● Exercise objective: Of the entries below, return only those lines from the line with "Der var engang!" to the line with "En rigtig glædelig jul og et godt nytår!", exactly, both included.

───── Information supplied

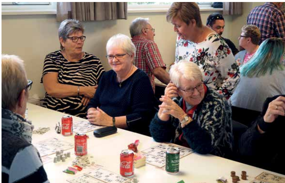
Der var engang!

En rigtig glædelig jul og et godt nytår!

──────────
───── Information supplied

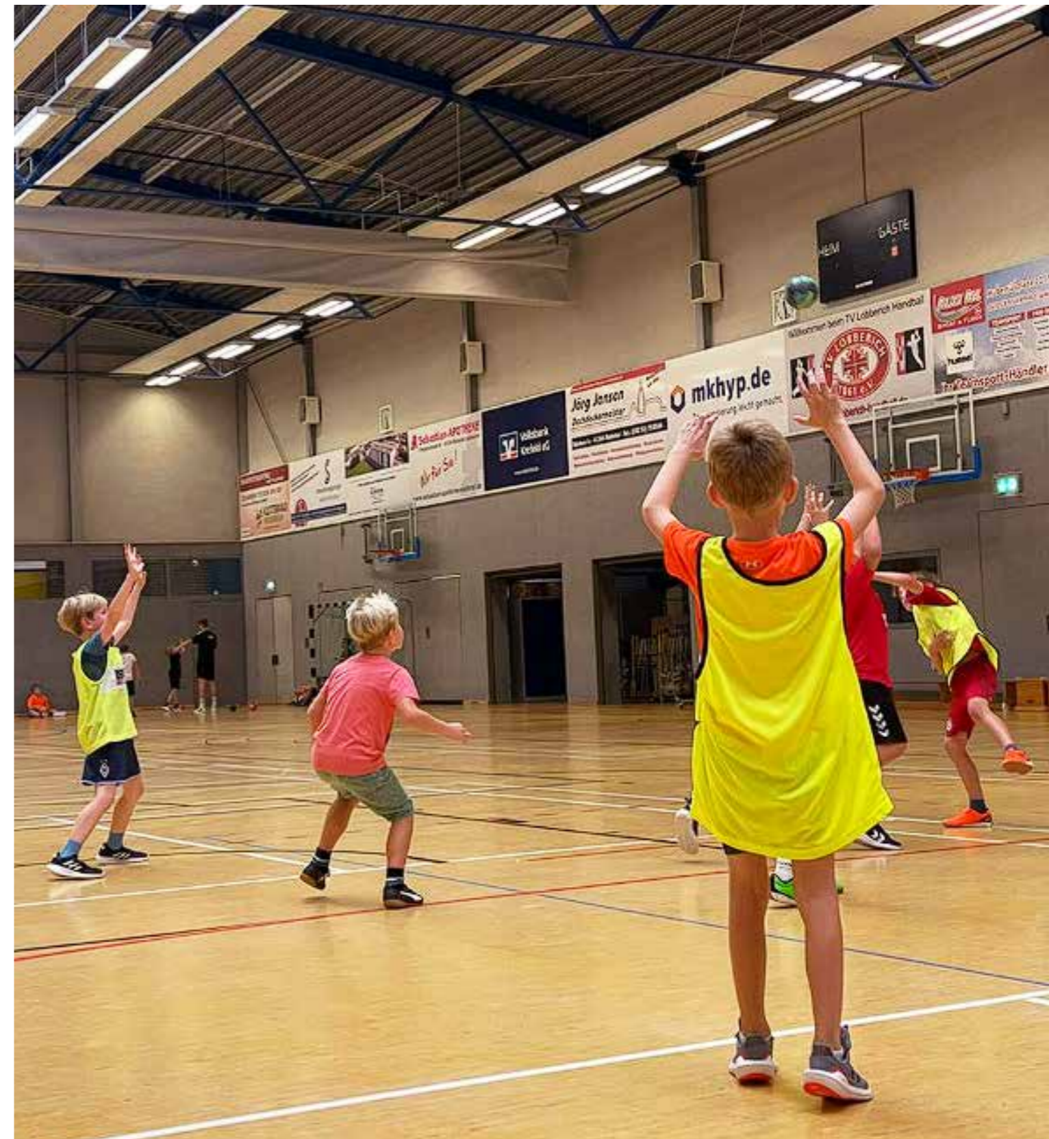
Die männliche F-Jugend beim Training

──────────

● Output:
Der var engang!

En rigtig glædelig jul og et godt nytår!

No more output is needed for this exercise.